Article Text
Abstract
Objectives There is bountiful evidence of ambulatory patient over-testing, both in terms of the tests ordered and their frequency. To be thorough and efficient, many physicians pay short shrift to sustainable test ordering. We have developed a calculus that transforms sequential intra-patient test results into total variation comprising its preanalytical, analytical and biological components. We have used this approach to compare the analytical and clinical performance of multiple analytical systems. Here, we determine the total test variation in patients with test separation intervals of 90, 180, 270 and 365 days. We demonstrate that annual testing with phlebotomies scheduled at the same time of day minimizes the variation of the sequential test results and permits optimal discrimination of a statistically significant change in the test results.

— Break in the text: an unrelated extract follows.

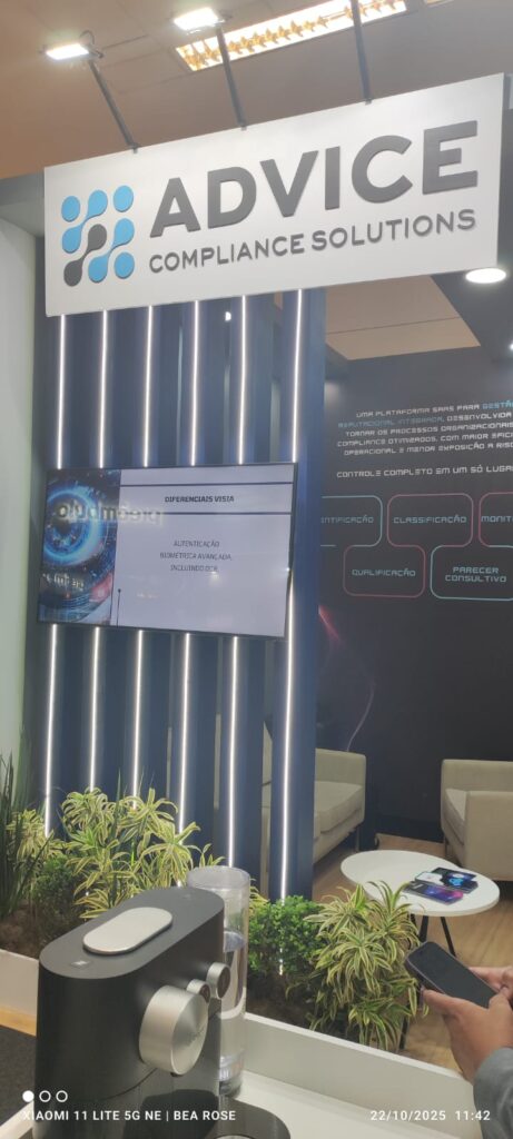 A Advice foi expositora oficial do evento e esteve presente na área 574, onde apresentou o Visia Compliance, a mais recente inovação da Advice Compliance. Trata-se de um sistema completo para a Gestão Reputacional Integrada de contrapartes permitindo uma avaliação contínua de riscos relacionados a fornecedores, parceiros e clientes, com foco em transparência, integridade e tomada de decisão estratégica.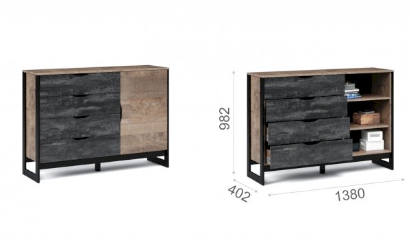 Комод 1 дверца и 4 ящика Стокгольм

Method We studied 5 years (2014-2019) of Ottawa Hospital adult outpatient general chemistry test pairs of albumin, alanine aminotransferase, aspartate aminotransferase, calcium, chloride, bicarbonate, creatinine, potassium, magnesium, sodium, phosphate, total bilirubin and urea. Intrapatient data pairs (separated by 88-92, 178-182, 268-272 and 363-367 days), were divided into 2 groups: those sampled on weekdays at the same time of day (+ 2 hr) and those with 3 to 8 hr sampling differences . The between pair variations were derived calculated with Dahlberg’s formula.
Results The median numbers of patient pairs/analyte for the matched sampling times were 1034 (90 days), 696 (180 days), 84 (270 days) and 364 (365 days). For the unmatched sampling times, the median numbers of patient pairs were much smaller, ranging between 38 to 290 and their average variations exceeded the matched pair variations by as much as 30% (phosphate and creatinine). The matched pair 90, 180, 270 and 365 day variations were highly correlated (r ranged from 0.965 to 0.977). Compared to the other periods, the 180 day variations were smaller (-7.5%) and the 270 day variations were larger (+11.9%). Overall, the 365 day magnitudes of variations were closest to the magnitudes of variation of the other periods.
Conclusions At least £2.2 billion are spent annually on UK pathology services, a significant portion wasted on suboptimal testing including: 1) tests are ordered too closely, providing little new information 2) tests that are ordered 9 months later and have been influenced by seasonal factors or 3) sequential tests that are ordered at different times of the day and are influenced by diurnal variation. Biological variation can be a guide to reducing test wastage and setting a standard for testing intervals that are minimally one year with the patient being sampled at the same time of day. Simple algorithms incorporating minimal sequential data would be able to discern real laboratory trends far more readily than ‘thorough and efficient’ but over-testing clinicians.